> [EXERCISE PROMPT]: Exact copy, no pictures: return all the data below as written.

Top of DATA EXCERPT

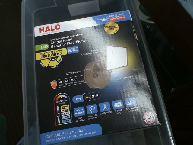 The Halo Single Head Security Spotlight, new in box and with SKU# 080083292936, offers superior home security lighting. It features advanced detection technology and provides bright, energy-efficient illumination. Suitable for outdoor use, it enhances security features while also doubling up as functional outdoor lighting. New in Box.
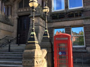 > phone Boxes outside the Town Hall
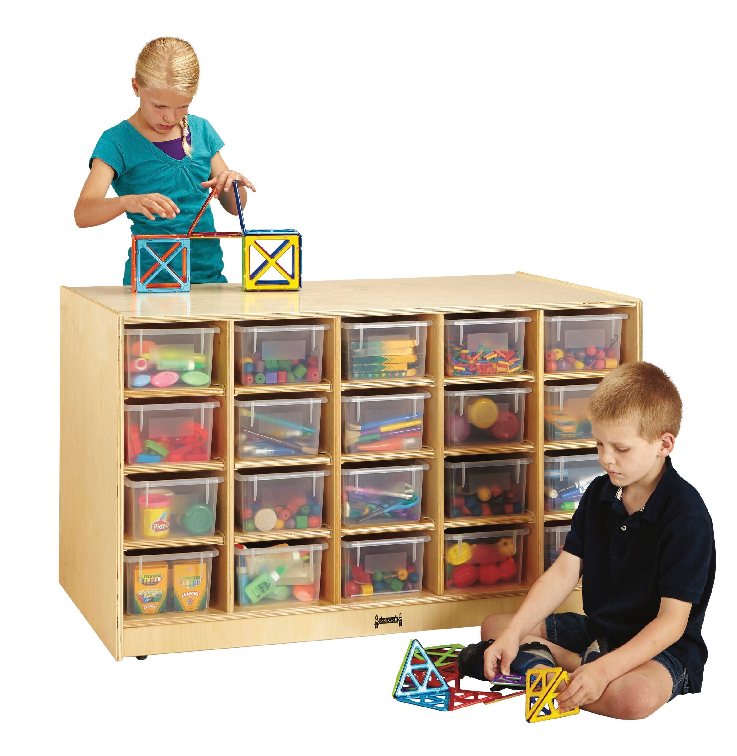 Jonti-Craft Double-Sided Island, Single + 20 Cubbie-Tray, 48 x 28-1/2 x 29-1/2 Inches, Clear Trays
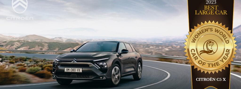 - Žirija Svetovni avto leta po izboru žensk (WWCOTY– Women’S World Car of The Year) je letos izbrala Citroëna C5 X kot zmagovalca v kategoriji »veliki avto«. Model C5 X je bil na evropski trg lansiran leta 2022, že v drugi polovici lanskega leta pa je zasedel vodilno mesto med limuzinami v segmentu D.

Bottom of DATA EXCERPT

> [TASK RESPONSE]:
 The Halo Single Head Security Spotlight, new in box and with SKU# 080083292936, offers superior home security lighting. It features advanced detection technology and provides bright, energy-efficient illumination. Suitable for outdoor use, it enhances security features while also doubling up as functional outdoor lighting. New in Box.
 > phone Boxes outside the Town Hall
 Jonti-Craft Double-Sided Island, Single + 20 Cubbie-Tray, 48 x 28-1/2 x 29-1/2 Inches, Clear Trays
 - Žirija Svetovni avto leta po izboru žensk (WWCOTY– Women’S World Car of The Year) je letos izbrala Citroëna C5 X kot zmagovalca v kategoriji »veliki avto«. Model C5 X je bil na evropski trg lansiran leta 2022, že v drugi polovici lanskega leta pa je zasedel vodilno mesto med limuzinami v segmentu D.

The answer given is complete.